» Exercise objective
Starting at the line that contains "Magazia de depozitare are" and stopping at the line that contains "UNISEX 크롭 체크 반팔 셔츠-블랙", transcribe every line of the material below exactly; pictures stay out.

-- Record extracts follows --

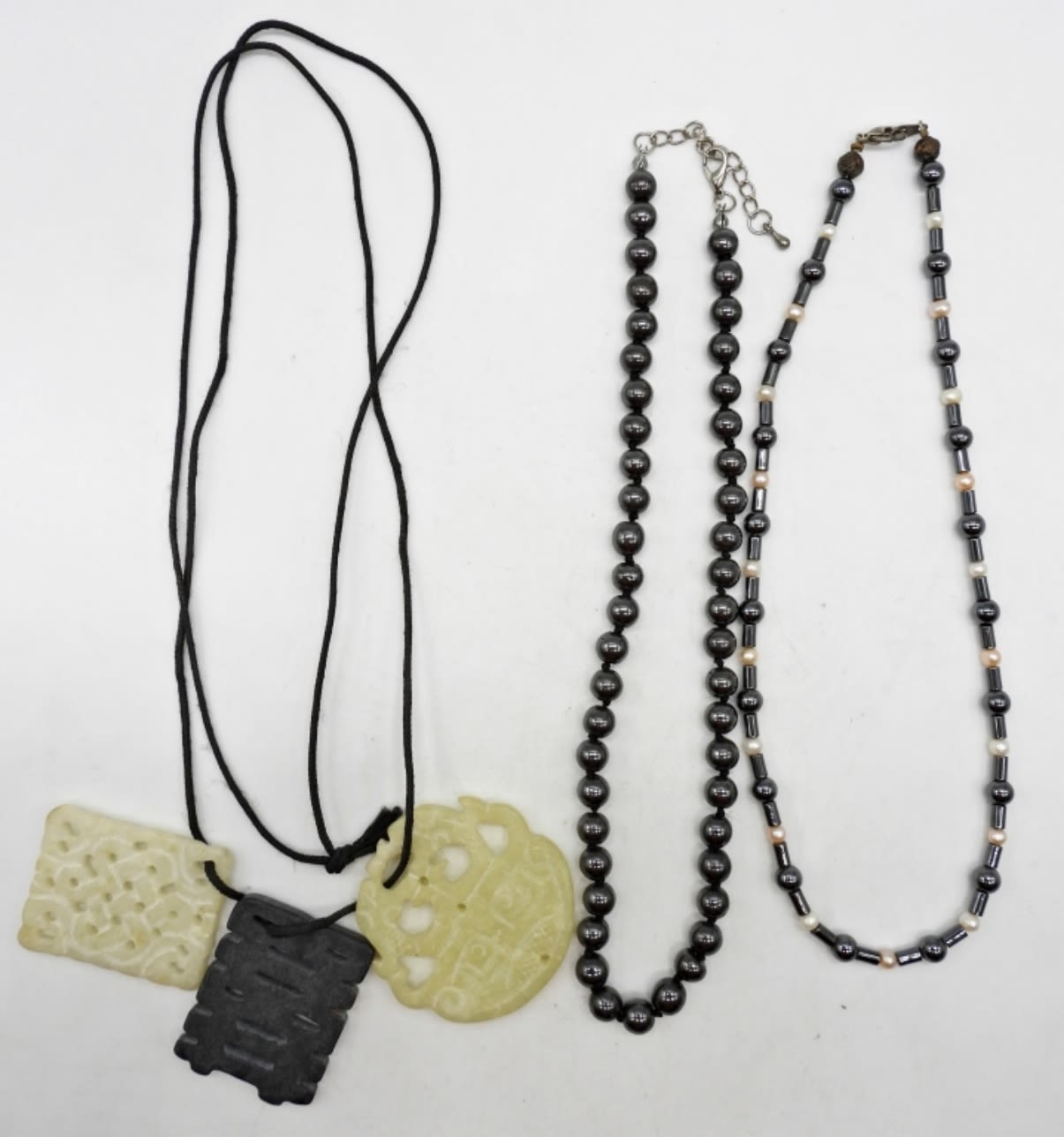 (1) 16″ BLACK & FAUX PEARL BEADED, (1) 18″ BLACK BEADED, & (1) 34″ CORD NECKLACE WITH (3) 2″ CARVED PENDANTS.
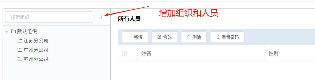 点击左上角+按钮,支持添加组织(手动页面方式),导入组织,导入人员,如下所示:
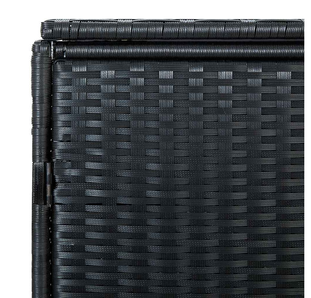 Magazia de depozitare are un capac care poate fi deschis, pentru acces facil la pubele, atunci când depozitați gunoiul. Are două uși cu deschidere individuală, cu sisteme de încuiere în față, astfel încât pubelele să poată fi ușor îndepărtate și golite. Magazia pentru pubele este fabricată din ratan PE de calitate superioară, fiind robustă, durabilă, impermeabilă și rezistentă la putrezire. În magazia de depozitare pot fi depozitate 2 pubele de gunoi cu roți, fiind ideală pentru orice grădină.
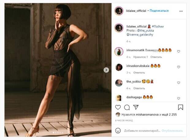 Известная украинская певица Лида Ли, подопечная Дмитрия Монатика, показала себя в обворожительном образе На фото Лида показалась в прозрачном наряде с узорами. Девушка стояла в босоножках, выставив одну ножку и выгнувшись, хвастаясь безупречной фигурой. На других кадрах уже певица была с мужчиной в кожаных штанах.
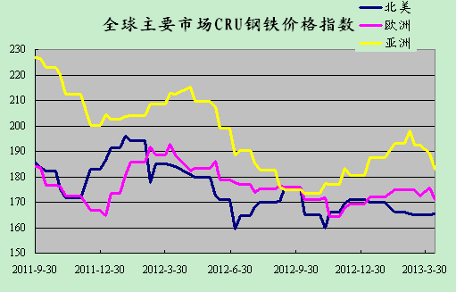 (關鍵字:CRU 國際鋼鐵價格指數(shù) 歐洲 北美 亞洲)
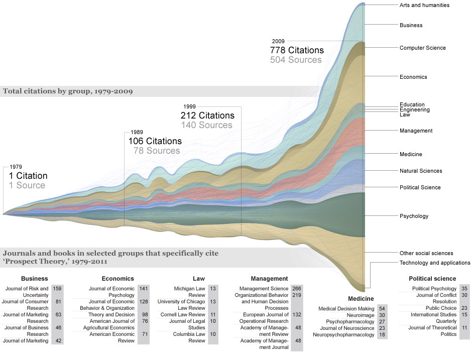 Based on thousands of citation records from Thomson Reuters, this chart shows the scholarly influence of «Prospect Theory: An Analysis of Decision Under Risk,» written by Daniel Kahneman and Amos Tversky, and published in Econometrica in 1979. The theory has turned up as a reference for an increasing number of journal articles and book chapters (nearly 8,000 items in all), and it has spread into a diverse range of disciplines. Thomson Reuters makes an effort to classify the major scholarship within journals and books into 280 categories; this representation of the paper’s influence condenses these classifications even further.
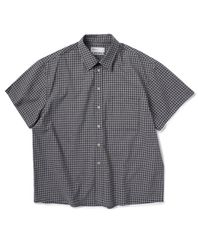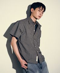 UNISEX 크롭 체크 반팔 셔츠-블랙
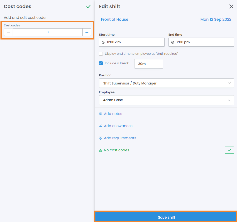 - Cost an individual shift (or part of a shift). Using shift costing, a specific shift can be costed separately to the roster. Multiple Cost Codes can be applied to a single shift, too.
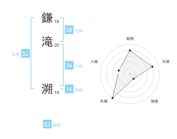 鎌滝 溯さんの総格は52画の4点!
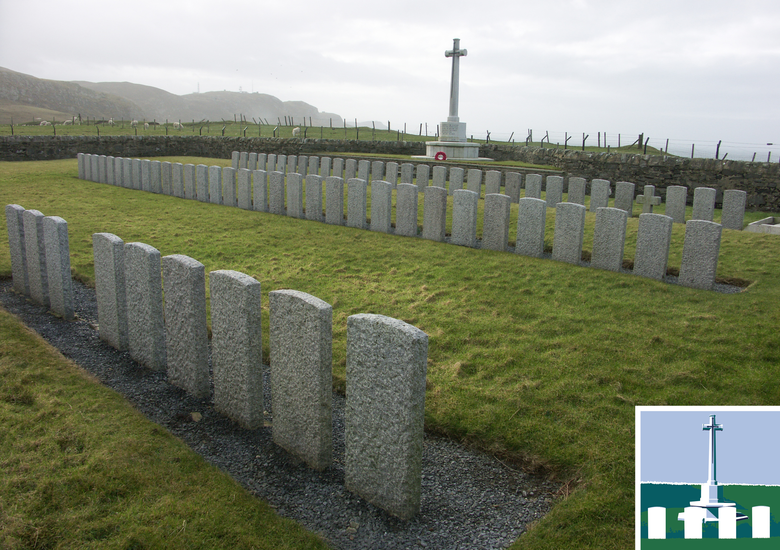 This isolated cemetery was begun following the sinking of the troop ship HMS Otranto off Islay in October 1918 and is the final resting place of 74 British servicemen, 71 being crewmen of the Otranto.
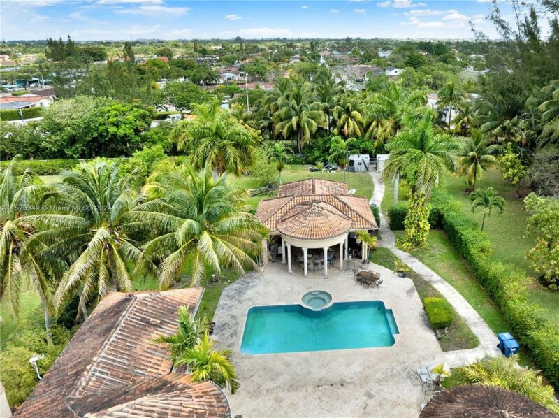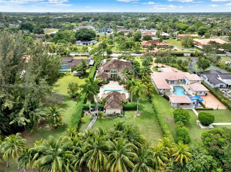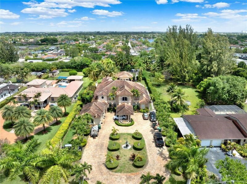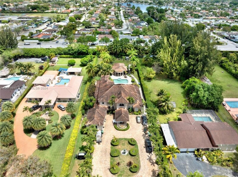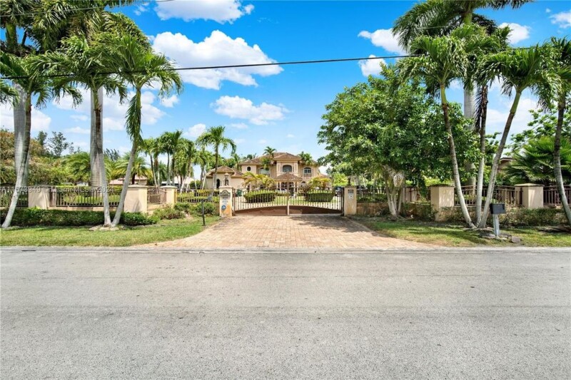 This custom-built home spans an impressive floor plan of 9,421 total s/f and includes a convenient elevator for easy access to all levels. Upon arrival, you're greeted by an elegant gated entry leading to a sprawling circular driveway, porte-cochere, and a spacious 3-car garage. The main residence boasts 6 bedrooms and 5.5 bathrooms, with an additional 1 bedroom and 1 bathroom in the expansive guest house/gazebo. Inside, the home exudes luxury with a family room, recreational room opening to a large balcony, and a gourmet kitchen featuring high-end stainless steel appliances and a center island perfect for culinary enthusiasts. Throughout the home, you'll find travertine marble floors, high ceilings, and high-quality impact windows.
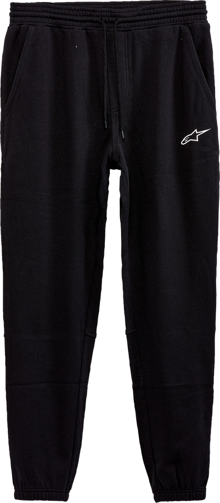 Fleece pant with elastic waist and cuffs, Drawcord waist and faux fly, Angled hand pockets, back welt pocket, and leg seams, Alpinestars screen printed logo on thigh, Internal main label and external label branding, Content: 80% Cotton / 20% Polyester
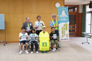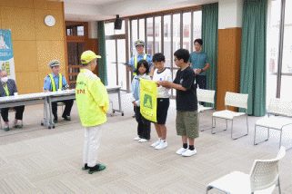昼休みに、本校のスクールガードの川口千佳子さんをお迎えして行いました。「ハンドサイン」とは、横断歩道を渡るときに、運転手に顔を向けたり、少し手を挙げたりして横断するという意思表示をする行動です。ハンドサイン旗には、「手をあげよう。」「止まってくれたらお礼をしよう。」「にっこりえがおでハンドサイン!!」というメッセージを書き、通学路で見守り等を行ってくださっているスクールガードさんに日頃の感謝もお伝えして、児童会役員の橘山丈嗣さん、清水瑛介さん、西野智陽さんの3人からお渡ししました。全校児童60名には、交通安全の面では「ハンドサイン」を意識した生活を送らせたいと思います。
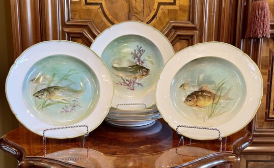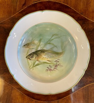 Satz von 6 Tellern – KPM Berlin – Englisch glatt, mit geschweifter Kante, zartem grün- und Goldrand – voll ausgemalter Fond mit Darstellungen von verschiedenen Fischarten – im Fond signiert – Durchmesser: 21 cm – unterglasurblaues Zepter, aufglasurroter Reichsapfel – Jahresbuchstabe B für 1902
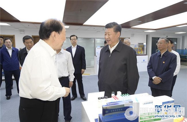 6月12日至14日,中共中央總書記、國家主席、中央軍委主席習近平在山東考察。這是14日上午,習近平在濟南考察浪潮集團高端容錯計算機生產基地。新華社記者 李學仁 攝
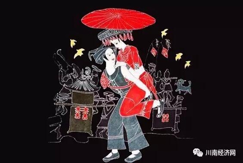 一座座码头红红的油纸伞,一对青年男女在伞下深情呓语。
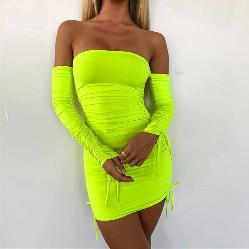 NORMOV Неоновый Зеленый Ruched облегающее платье с длинным рукавом от плеча платья 2019 сезон: весна–лето вечерние Клубные платья
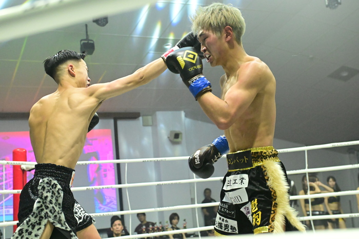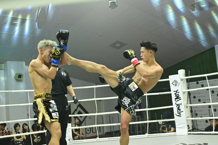 2R、彪羽がワンツー、ジャブから右カーフ。渡部は右ローを蹴っていき、ワンキャッチからのヒザも繰り出す。圧をかけるのは渡部だが、彪羽のジャブと右カーフが多く当たる。渡部がいきなり飛びヒザ蹴りを発射し、彪羽をヒヤリとさせる。ジャブから右フックを打つ彪羽に渡部も右を返す。軽快なフットワークからパンチを回転させ、蹴りにつなぐ彪羽。
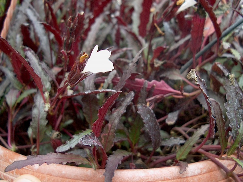 vstřícné; úzce kopinaté, 6-9 x 1-1,5 cm velké, se zubatým okrajem; tmavozelené s červenošedým nádechem, lesklé; rub listu výrazně tmavě purpurový
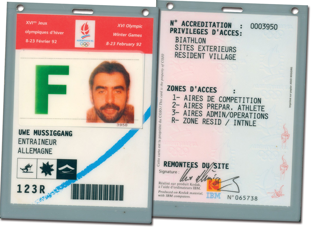 - Official Olympic ID card for the 1992 Albertville Winter Olympics, issued to Uwe Müssiggang (GER). Successful coach of the German national biathlon team from 1990 to 2014. Includes photograph and original signature. Plastic, 14 x 10 cm. Condition: A

-- Record extracts concluded --

» Result below
 Magazia de depozitare are un capac care poate fi deschis, pentru acces facil la pubele, atunci când depozitați gunoiul. Are două uși cu deschidere individuală, cu sisteme de încuiere în față, astfel încât pubelele să poată fi ușor îndepărtate și golite. Magazia pentru pubele este fabricată din ratan PE de calitate superioară, fiind robustă, durabilă, impermeabilă și rezistentă la putrezire. În magazia de depozitare pot fi depozitate 2 pubele de gunoi cu roți, fiind ideală pentru orice grădină.
 Известная украинская певица Лида Ли, подопечная Дмитрия Монатика, показала себя в обворожительном образе На фото Лида показалась в прозрачном наряде с узорами. Девушка стояла в босоножках, выставив одну ножку и выгнувшись, хвастаясь безупречной фигурой. На других кадрах уже певица была с мужчиной в кожаных штанах.
 (關鍵字:CRU 國際鋼鐵價格指數(shù) 歐洲 北美 亞洲)
 Based on thousands of citation records from Thomson Reuters, this chart shows the scholarly influence of «Prospect Theory: An Analysis of Decision Under Risk,» written by Daniel Kahneman and Amos Tversky, and published in Econometrica in 1979. The theory has turned up as a reference for an increasing number of journal articles and book chapters (nearly 8,000 items in all), and it has spread into a diverse range of disciplines. Thomson Reuters makes an effort to classify the major scholarship within journals and books into 280 categories; this representation of the paper’s influence condenses these classifications even further.
 UNISEX 크롭 체크 반팔 셔츠-블랙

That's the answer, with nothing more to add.